The data in the report extends to 2020 and the effects of the coronavirus pandemic are not visible in the dataset.

The situation in poorer regions and conflict-ridden countries is particularly dramatic, the WHO said. Sub-Saharan Africa accounted for about 70% of global maternal deaths in 2020, followed by Central and Southern Asia which accounted for nearly 17%.

Preventable causes that can lead to death include heavy bleeding, high blood pressure, unsafe abortions or diseases such as HIV/AIDS and malaria.

"Nearly every death is in low- and middle-income countries, and nearly every death is preventable," WHO Director Tedros Adhanom Ghebreyesus said in the report's foreword.

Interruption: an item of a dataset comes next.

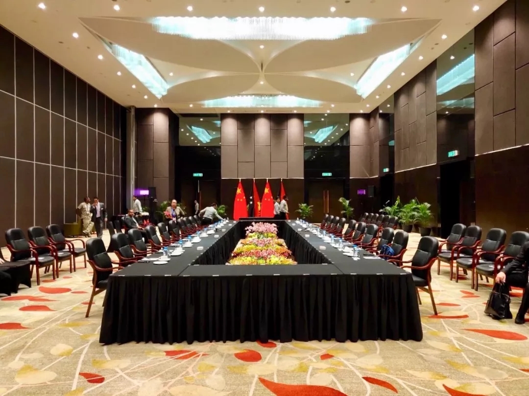 △這是會見奧尼爾總理之前的會場情景。當天習近平與太平洋島國領(lǐng)導人的多場雙邊會見也都是在這個會場舉行。(央視記者李曉周拍攝)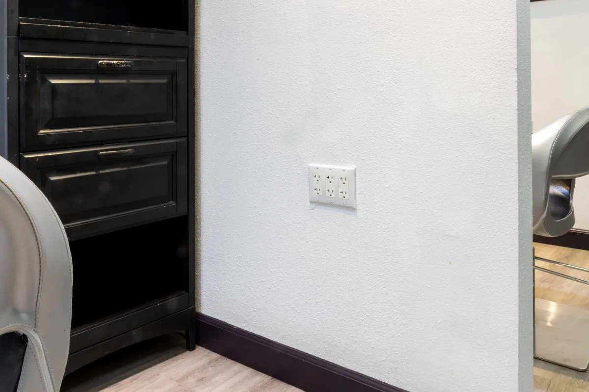 This stylish and functional semi-private booth is thoughtfully designed for beauty professionals who want a clean, modern workspace with everything they need to deliver an exceptional client experience. Booth 2 features a comfortable stylist chair paired with a large wall mirror framed by flattering lighting, ensuring the perfect setup for haircuts, styling, or color services. A mounted Smart TV adds a touch of luxury, keeping your clients entertained while they’re in your chair. For convenience, a sleek round corner table provides space for your tools or decorative touches, while a black cabinet with two spacious drawers offers organized storage. The booth includes three easily accessible electrical outlets, two bright yet soft overhead LED lights, and a partitioned layout that creates a semi-private atmosphere within the salon. With approximately 30 sq. ft. of clean, open space, it’s an ideal environment for both creativity and client comfort. You’ll also enjoy access to shared amenities, including three luxurious black marble shampoo bowls with stainless steel fixtures, a professional black leather salon dryer, and complimentary back bar products (shampoo, conditioner, and towels) to elevate your client experience.

One of the UN's Sustainable Development Goals (SDGs) is to reduce maternal mortality from 339 deaths per 100,000 live births in 2000 to less than 70 by 2030. In 2020 the number stood at 223.

Increasing coverage of quality maternal health care and an improvement of women's ability to make their own decisions about their sexual and reproductive health are among the steps to be taken to reach that goal, the report said.